This is about artist also known as Virginia Labuat. For the musical project with The Pinker Tones, Risto Mejide and Virginia Maestro, see Labuat

Virginia Maestro Díaz (born 29 September 1982) is a Spanish singer-songwriter. She is the winner of Operación Triunfo 2008, the Spanish version of Star Academy.

In 2009, she associated herself with Labuat, a musical project with Risto Mejide, one of the judges of OT, and The Pinker Tones. Many of her recordings are thus credited to Virginia Labuat.

== Biography ==

=== Influences and early career ===
Virgínia has said in various interviews that she was exposed to a variety of music from an early age, especially those of her parents' adolescence. Nowadays, she takes most influence from the 1950s and 1960s, naming Eva Cassidy, The Beatles, Janis Joplin, Solomon Burke, Radiohead, Otis Redding, Ray Charles and Sam Cooke as her favorite artists.

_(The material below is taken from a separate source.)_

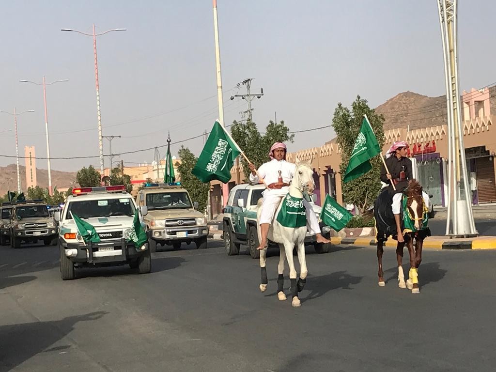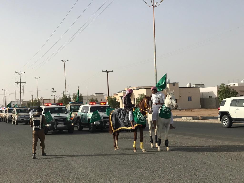 حيث انطلقت المسيرة من مبنى الإمارة مرورًا بالأحياء ومداخل المحافظة، وتقدم المسيرة المحافظ المكلف الأستاذ أحمد بن عبدالله الخالدي وبمشاركة الإدارات الحكومية المدنية والعسكرية والمواطنين ، وعدد من الخيالة.

At the age of twelve, influenced by her sisters, she began teaching herself how to play the guitar and she wrote her first songs in a diary, to whom she called "Diario de Sensaciones" (Sensations' Diary). When she was fifteen, she entered in her first band and started to participate in jam sessions. Until her entrance in OT, she had been a part of Fundación Virginia, Little Vicky & the Shout Band, 7Funk, The Flik Flak Duo, Boogie Flu and had shared the stage with such bands as Black Jack Bob & the New Deal and Mingo & The Blues Intruders. Aside from that experiences, she had also been a soprano at the University of Seville choir, where she studied music.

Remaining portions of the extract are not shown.